Pulling a Raine In cooking!
by Ghost of Ivan
Summary: Weird title I know. But it just means that it shows how everyone fails in cooking, somehow. Yes, I will be doing Genis, Regal and Raine, seeing as they're badgood cooks. My first ToS fic, and contains Spoilers. KratosLloyd, kinda. NO not that way, perv.
1. Lloyd makes Spaghetti

Pulling a Raine- In cooking!

A Ghost of Ivan fic

Goi: Hi all! This fic was inspiresd by me failing at cooking!

Erk: You fail at making pakaged goods.

GoI: So? I don't read it thoroughly enough.

Ivan: Sigh... GoI owns nothing at all.

GoI: This fic is basically how everyone fails at cooking. The First chapter is with Lloyd!

---

"Okay everyone, who's turn is it to cook?" Ask a short Half-elf, or rather, Genis.

"Um... it was... Um... the order is:

Lloyd, Kratos, Colette, Regal, Presea, me, Genis, Raine, then Zelos." Said a summoner, or Sheena.

"Aw, come on! Why am I first!" Asked a twin swordsman named Lloyd.

Genis sighed and said, "It's by last names, moron."

"But my last name is Irving! I does not come before A!"

Suddenly, Lloyds teacher, Raine, came in and said, "Lloyd! It's a miracle! You know your ABCs!"

Genis sighed again and said, "No Lloyd, your last name is Aurion."

Kratos burst out into tears when he realized his son didn't like his true last name, thinking it means he didn't like him. (OK, that was just for humor.
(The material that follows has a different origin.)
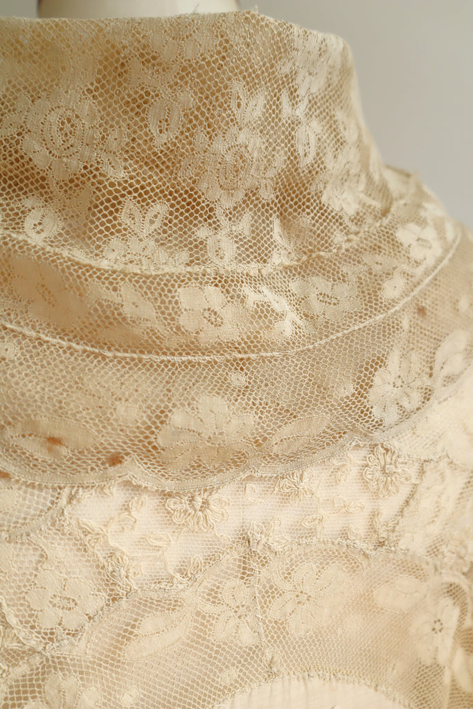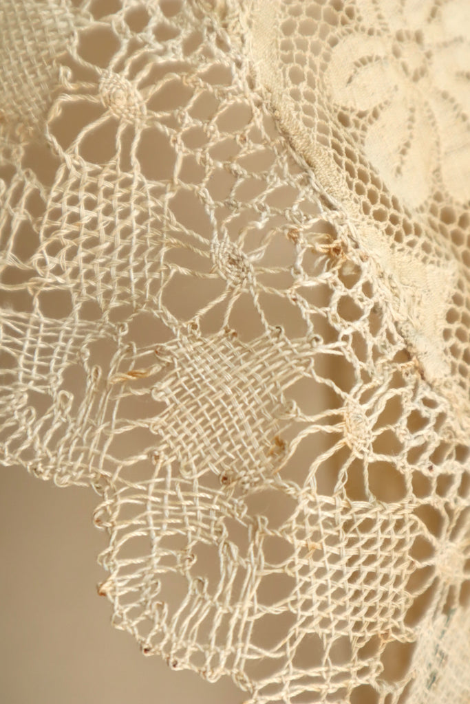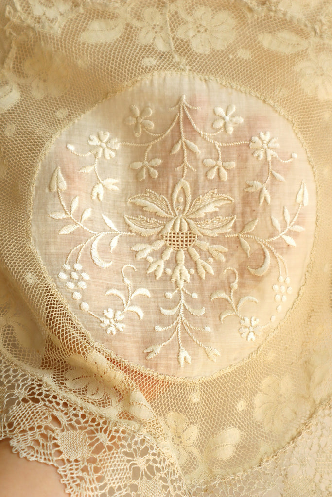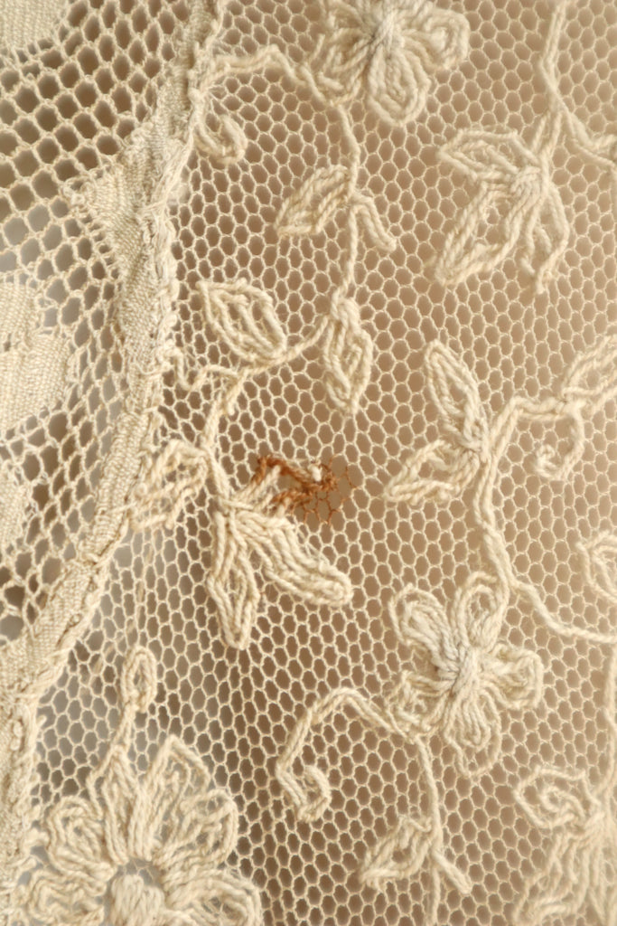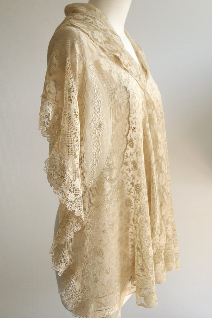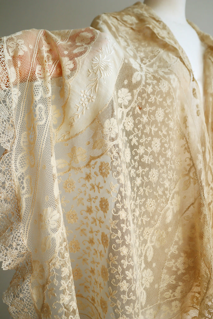 1910s–1920s Normandy Lace Appliqué Shawl with Hand Embroidery

I love Kratos too! But not in that way, y'know?)

Lloyd then, realizing his dad didn't think he liked him, started to comfort him, "Its ok, dad. I was just so used to being called 'Irving', it became habit."

Kratos then got better and returned to his elitist-asshole-who-criticizes-everything-everyone-does self.

Lloyd looked up from his father and said, "Ok, what am I going to make today?"

Genis, looking at everyone else, said, "Lets ask."

LATER...

Genis was standing at a podium which magically appeared, and said, "Ok guys, we need to decide on the food we want! We have the ingredients for... Sandwiches, Spaghetti, Fruit Cocktail, Tenderloin, Shortcake, Steak, and Beef Stew. We'll vote on which one we want. I'll vote for Spaghetti."

Lloyd looked at Genis crossly and said, "When we get to a town, your getting a swirly. And I vote for steak... Mmm... Steak..."

Kratos then voted next, "I think Steak is a good choice, knowing Lloyds cooking... and mine, in a way."

Colette voiced her opinion, "I think Shortcake is good! I love what Lloyd cooks!" Everyone sweatdropped.

Regal then voted, "I would like Beef Stew."

Presea voiced her opinion, "I would like Spaghetti."

Sheena said her thoughts, "I think Steak would be a good choice."

Raine added her wisdom, "I would like Spaghetti."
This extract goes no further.